| > Many of their discoveries are reformulations of older drugs meant to allow a repatenting and re-marketing of old ideas. I think you're confusing evergreening, which is a real problem, with the number of NME's that are being generated. NME's are "new molecular entities", or totally new formulations. >Many of the new supposedly breakthrough drugs do not provide significant improvements in mortality, but do cost huge amounts of money so that they can recoup their investment. Low hanging fruit has been taken and newer methods of discovering safe and effective drugs are needed. You might find this shocking, but pharma is a dying business. Companies are divorcing their drug development departments into separate businesses so they can fail gracefully. The blockbuster drugs that can recoup the investment of looking for a needle in a haystack aren't coming any more. >If, as these statistics imply, you can show that the drugs and other changes in medical care that provide positive changes to quality of life and mortality are coming from government research significantly more so than other sources then why subsidize private research, why protect the private drug development system that results in outrageously priced drugs, why waste 2/3rds of research money to produce such a disproportionately small portion of the advancements in medical knowledge? This is absolutely, 100% totally and COMPLETELY false. The government IS NOT INVOLVED IN DRUG RESEARCH. Honestly, period. They can't afford it! It costs a billion dollars to whittle 10,000 drug candidates into 1 FDA approved drugs. NIH grants aren't even 1% of that cost. The government is not responsible for very much actual drug development at all. They don't own or fund the labs. They fund the schools that do the work on the lower level theory, on the tools and concepts that will one day be commercially viable. Private labs handle the vast majority of all new molecular entity discovery, pre-trial, trial, etc. They have the money, labs and teams capable of handling it -- NIH funded labs often don't! Here's a list of NME's for 2013 so far: http://www.fda.gov/drugs/developmentapprovalprocess/druginno... Remember, the FDA is the gatekeeper and these companies research thousands and thousands of candidates looking for something that they can statistically prove safety and efficacy of to the FDA, and the FDA gets to decide. As you can see from that list, the FDA doesn't allow new molecules out very often. |
Some people have argued that maybe those 2/3 should be tax money too.
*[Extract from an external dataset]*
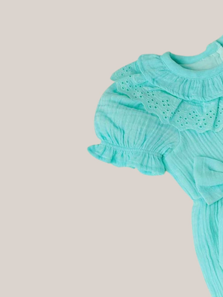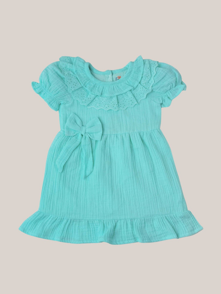 Dress your little one in pure comfort and timeless charm with our Muslin Bubble Crinkle Frock, designed with delicate frill details and a sweet bow accent. Made from ultra-soft 100% muslin cotton, this frock is breathable, lightweight, and gentle on sensitive skin—perfect for all-day wear.

Its a bit weird situation where the state already pays for 1/3 of the R&D, and then on top of that give state enforced monopoly in 20 years periods for those who invest in the other 2/3 (additional monopoly period is also granted by the FDA after an successful drug trial). State enforced monopoly is often describe as tax raised outside congress control, and has its history and name (letters patent = royal decree) from that purpose.
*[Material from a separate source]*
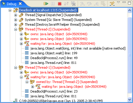 调试锁和死锁:当在调试视图的下拉按钮里面选择Show Monitors 按钮,这可以查看一个线程所拥有的锁和等待锁定的一个线程。线程和死锁都用高亮红色显示:

One question we should ask is what the industry brings to the table if we took away all state funded involvement. Is it more efficient to bring competition through patent grants rather than direct research and development grants? Do we get larger and more spread out pool of investment that could not happen without a few blockbuster drugs to get gambling money? We should ask for data which prove that the current method (1/3 of the funding and granted state monopolies) is the best use of tax money. Maybe at least demand some kind of high standard when a company take research supported by the 1/3, and claim a new invention based on already known and disclosed techniques. The India model is to demand an increased efficiency, beyond showing that the modification of the old drug is novel.